Daddy has locked his keys in the car, and there is a storm coming on. The background of the pictures is in black, white, gray and tan, and shows the line of businesses, including a drycleaners where Daddy and the little girl have been. Next are paint and wallpaper, the market and the important locksmith. Why Daddy does not go to the locksmith and offer to pay, I do not know. It is the little girl, in a red raincoat, who has to open negotiations.
Will the locksmith help her? “Yes, says Locksmith, clicka-me clong/ If you get a guard, both brave and strong.” Meanwhile, there is a German shepherd, getting into the neighbor’s garbage can. Dog will help if the girl provides a “shelter, dry and warm.” She goes to the market to get boxes to make a shelter, and asks help from the grocer who is having a mouse problem. She talks to a cat, and then a butterfly, and the only one who does not ask for something is the butterfly. The center of each picture, including the dancing butterfly, is in color. Then the rain comes down.
Everybody gets what they bargained for, grocer, cat, dog and locksmith, who ends up with the German shepherd guarding his store. The locksmith helps out, and “The car gets unlocked, jangle-me jome/ The car gets unlocked, and we drive home.” Just when you think it’s happily ever after, “Dark cloud strong breeze/Oops! Daddy’s looking for his other keys.”
Our girl is on top of the problem, because she has a house key on a string around her neck. Her father would really be in trouble without her! So read this dancing poem with pictures, and get out your umbrella.

Yo ho ho and a bottle of rum! There are several books about pirates in the Adult Services non-fiction section of the Pine Bush Area Library. The more I read of David Cordingly’s book, the more I want to read. Under the Black Flag: The Romance and the Reality of Life Among the Pirates flows right along. David Cordingly worked at the National Maritime Museum in Greenwich, England for twelve years. He organized the exhibition, “Pirates: Fact and Fiction” which was terribly popular.
Cordingly’s first chapter is “Wooden Legs and Parrots.” He talks about R.L. Stevenson’s most famous book. “The effect of Treasure Island on our perception of pirates cannot be overestimated. Stevenson linked pirates forever with maps, schooners, tropical islands and one-legged seamen with parrots on their shoulders.”

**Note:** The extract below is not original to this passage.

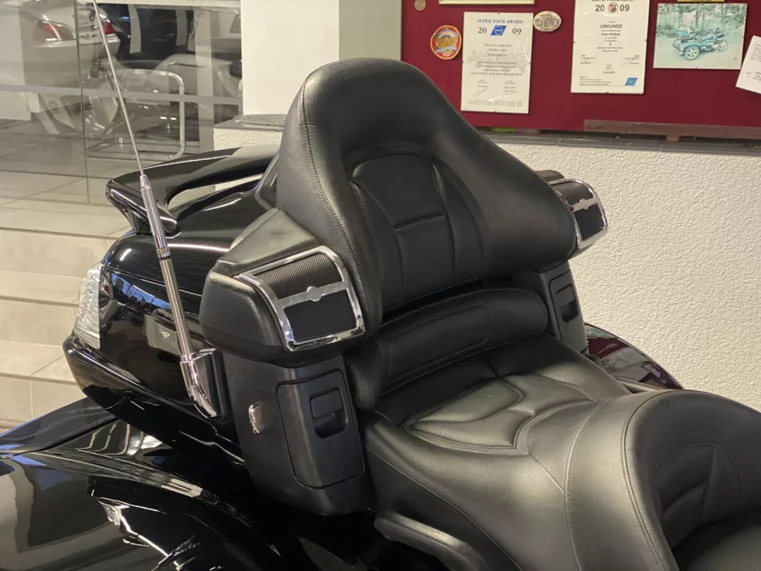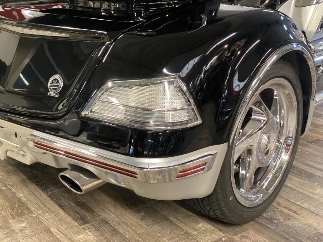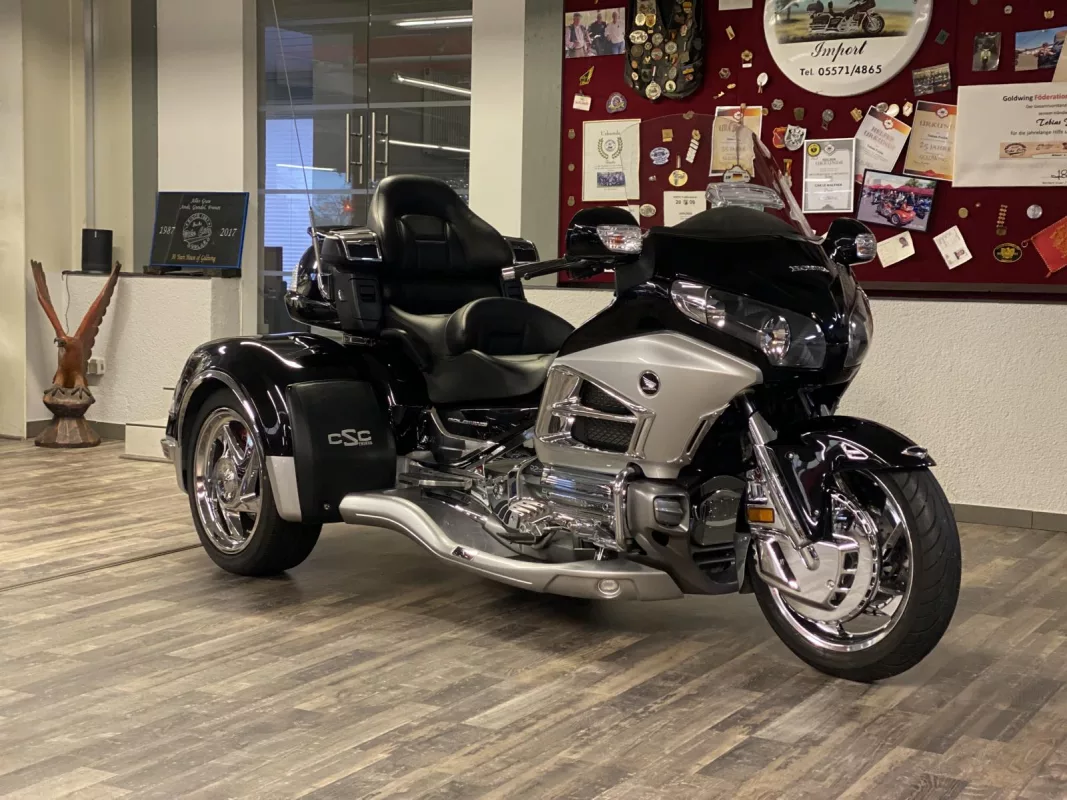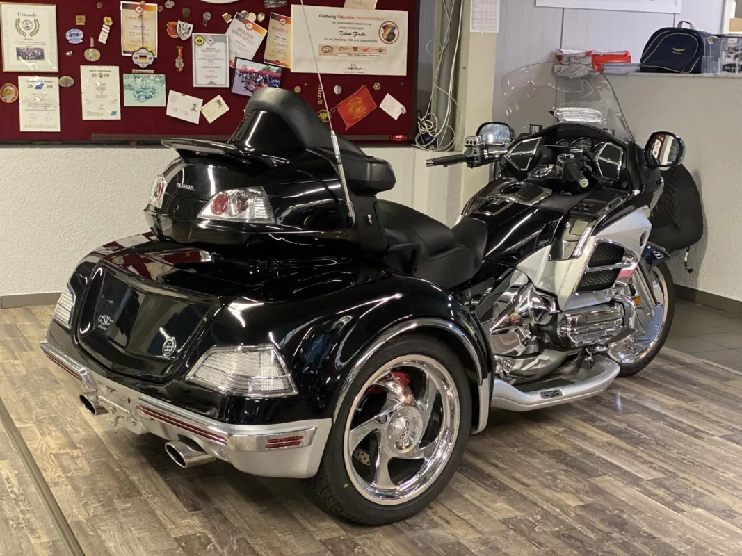 GL1800 Viper Trike der Superlative in "Gloss Black ". Der Trike Umbau ist NEU ! Verdichtete Felge vorne, Rotor Covers, Kotflügelverlängerung, weiße Blinker, Kühlerchromrahmen, komplettes Motor und Rahmen Chrompaket, TC Spoiler oben, HW Boards, Chrom Paket Innenverkleidung and some more...

The reality is not as much fun. In “Plundering the Treasure Forts” find “…the bands of privateers and adventurers who came to be known as the buccaneers. Driven out of their inland hunting grounds on Hispaniola by Spanish soldiers, the uncouth men who lived there… migrated to the north coast of Hispaniola. There they were joined by a mixed bunch of runaway slaves, deserters, escaped criminals, and religious refugees.”
Blackbeard, Captain Kidd, Henry Morgan, Calico Jack and the horrible Bartholomew Roberts and others are found throughout the book, and some have chapters all their own. Anne Bonny and Mary Read, and the Irish Grace O’Malley are written about in “Women Pirates and Pirates’ Women.” That chapter also talks about “the Chinese pirate Mrs. Cheng, whose fleets of ships ruled the South China Sea in the early years of the nineteenth century.” There’s more here than I expected.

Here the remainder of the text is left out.